Random Thoughts – September 30, 2009

Going through counseling now, and learning and growing again, after spending three years stagnant due to the depression, is actually harder in some ways than I thought it was going to be.

Because my family had to get used to a certain way of living when I was checked out, they have learned how to interact in certain ways with me.  Now that I am checked back in, the transition from depressed person, to someone who has a healthier mind set, has been difficult on them too.  They are having to learn how to interact with me in a different way.  Sometimes I get really impatient because it feels as if they are so slow in getting used to a change I have made.  I have to keep reminding myself that this illness has not just affected me but has affected them negatively too, and I need to be extremely patient with them. 

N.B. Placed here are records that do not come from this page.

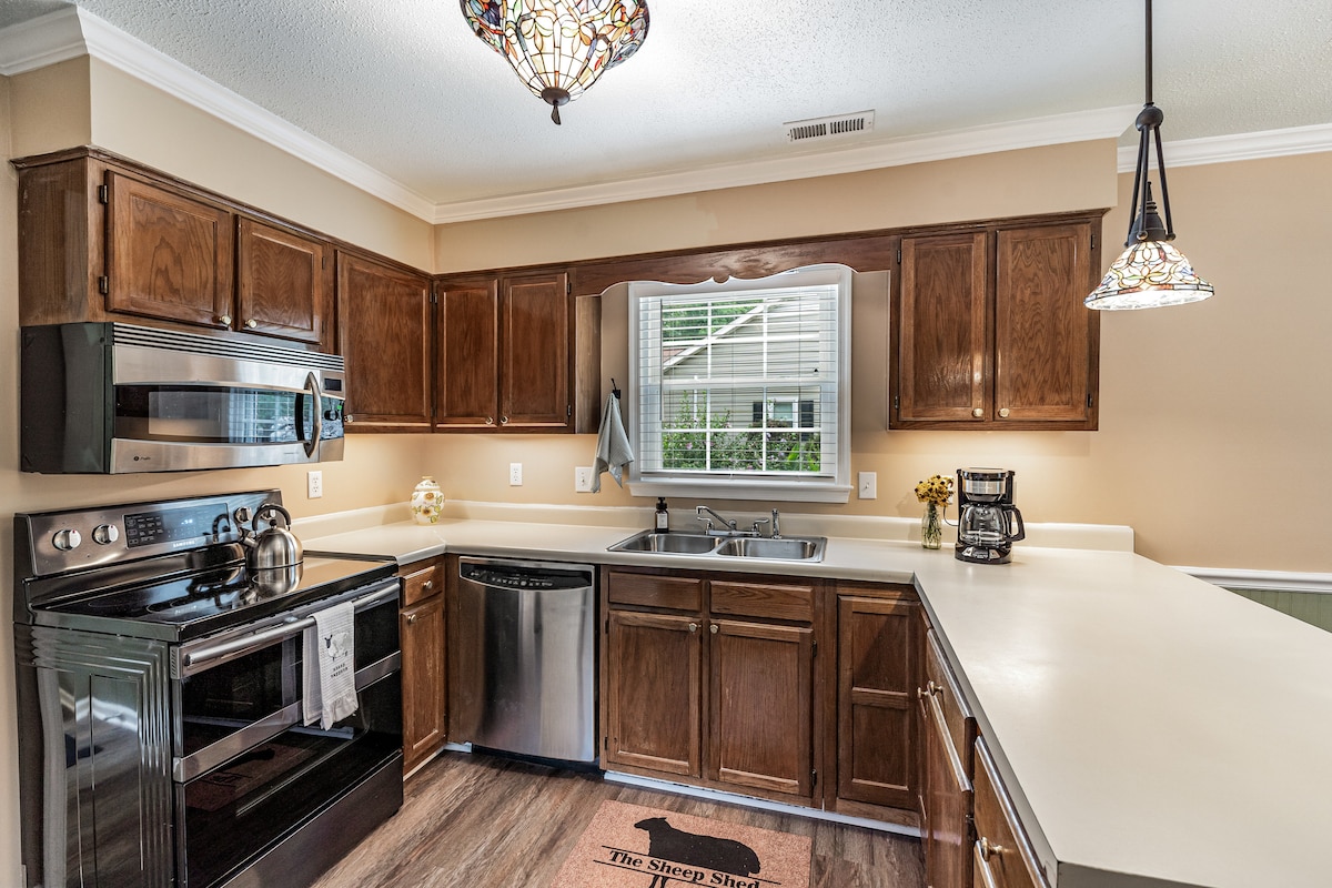 Starmount Forest is a quiet upscale neighborhood in the heart of Greensboro. Located just half a mile from upscale dinning and shopping In Friendly Center. This Spacious 2300 sq ft home features an inviting open floor plan with a large kitchen, den, living room and sunroom. The Kitchen is fully equipped with stainless appliance and everything you need to cook your favorite meal. New Furnishings throughout, master bath boasts large walk in shower, and every bedroom is equipped with a smart TV.
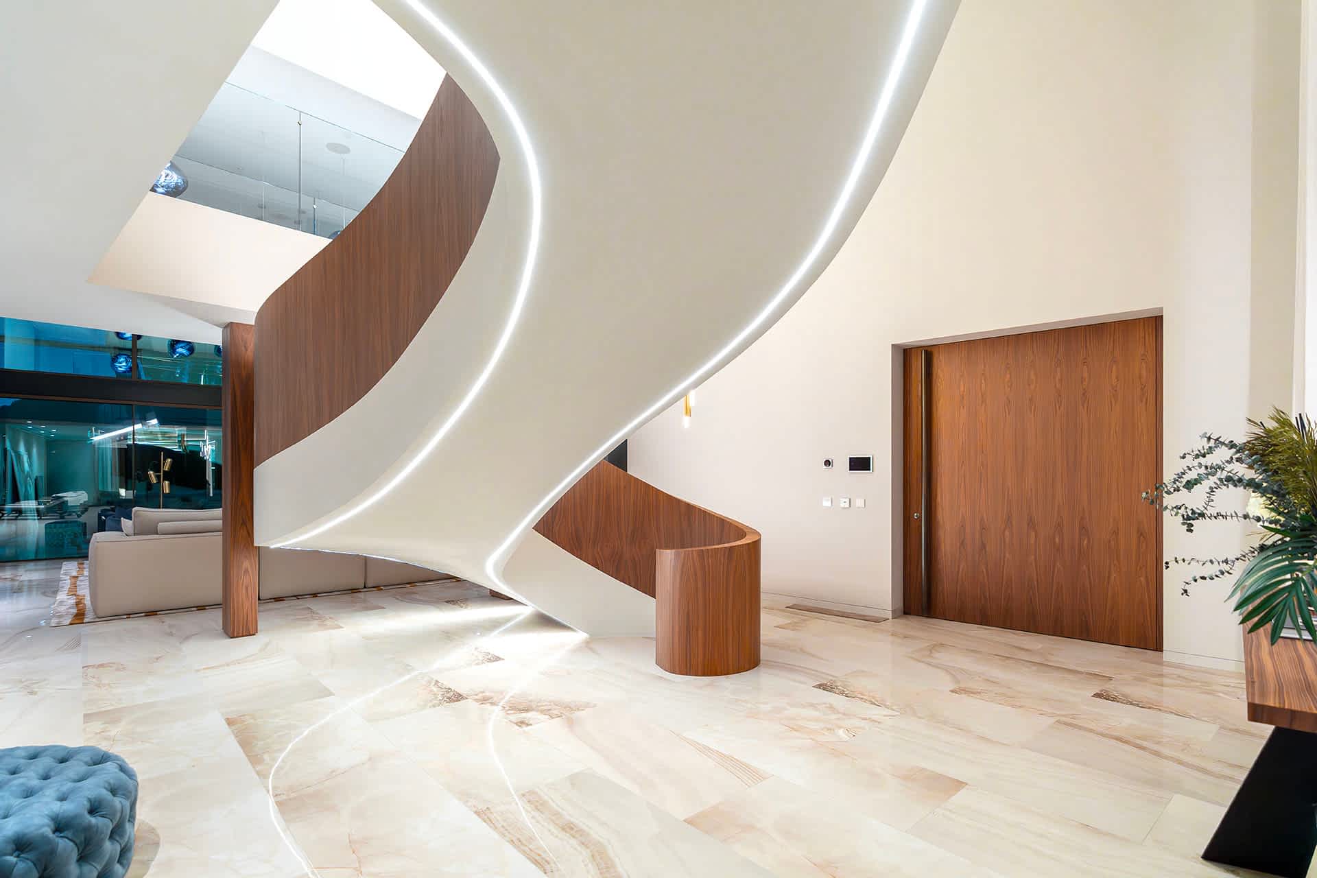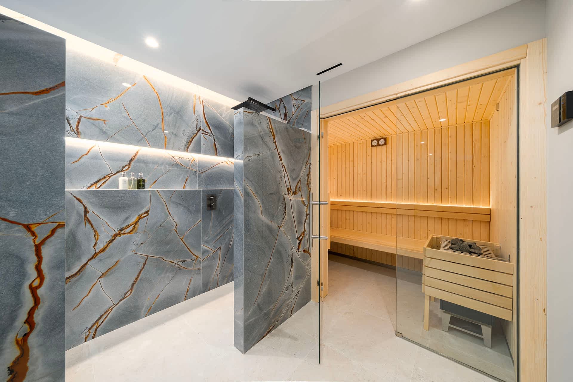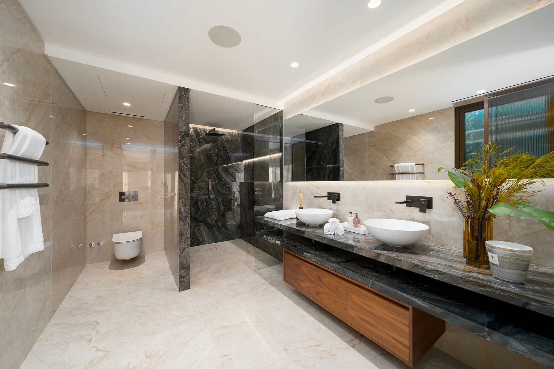 Upstairs, the palatial master suite redefines luxury with two private bathrooms, a dressing area, an outdoor shower, and a vast private terrace. A further guest suite on this floor features its own sun terrace.
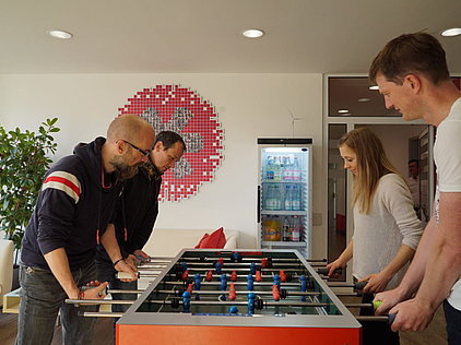 Wir sind ein Team und als solches unterstützen wir einander. Wir lieben den Austausch mit unseren Kollegen und Kolleginnen. Klar, ein Feierabendgetränk auf unserer Terrasse ist auch immer drin.
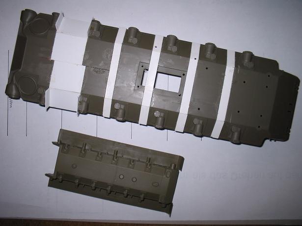 Jetzt gehts richtig los. 1:35 Vorbild ist da, 1:16er Pershing Wanne auch. Pershing Wanne zu kurz, Abstände der Achsen passen nicht. Wegschmeissen? Nein- schreddern.
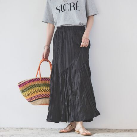 ・ワッシャーのしわ感がゆるいプリーツのような雰囲気に
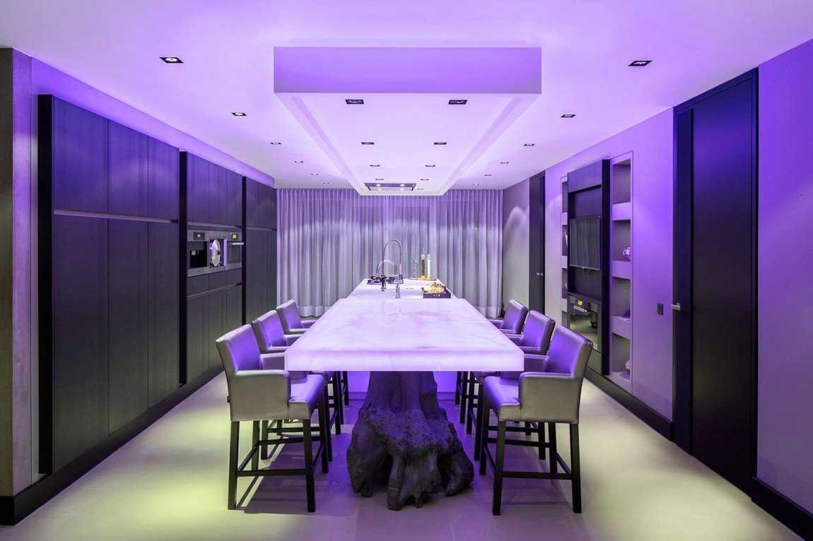 - Освещение, выполняющее декоративную функцию. Это могут быть светодиодные ленты по всему периметру помещения, включая напольное, настенное и потолочное размещение.
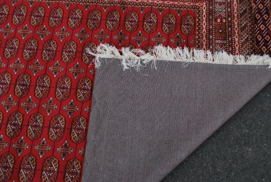 A large Iranian / Persian Bokhara carpet - rug having red ground with geometric decoration and borders. Measures 1.90 x 1.40 m
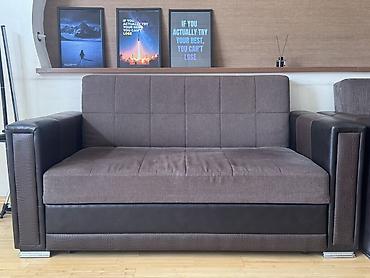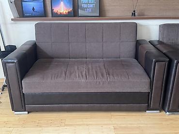 - Компактный двухместный диван с механизмом раскладывания «книжка» — превращается в ровное спальное место.
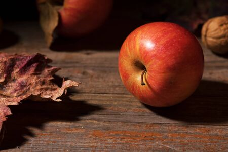 Autumn arrangement - the corner is decorated with a ripe red apple on yellow autumn leaves. Wooden background. Place for text

In a lot of ways Farrol (my husband) had to treat me as if I were a child.  I could not make decisions because that would overwhelm me, so he had been making all the decisions, I would forget so many things so he would have to keep track of things for me, and more.  He has had to do that for over three years, it has become a habit for him, so now he is having to learn that I can make my own decisions now, and have confidence that I will make the correct ones.  He is trying, it is hard though. 

My daughter has spent the last few years, raising herself and at times taking care of me.  She had to of known something was not right, but did not know what to call it.  For the longest time she would ask me several times a day if I was happy.  I am sure that whatever she was thinking in her head to make her ask that question, caused her to carry around a heavy burden. 

Because I have been mentally unhealthy for so long, and have tried to commit suicide, I am sure that learning to trust me again is very hard for both of them.  I think as far as my husband goes, that he feels that if he is less than completely vigilante and stops doing the things that he has had to do for the last few years, that I might try and commit suicide.  I wonder if in her mind, my daughter feels some what responsible for my happiness?

My hope is that as I continue to grow and get healthier that I can prove to my family, that I am getting better and take away some of their burdens.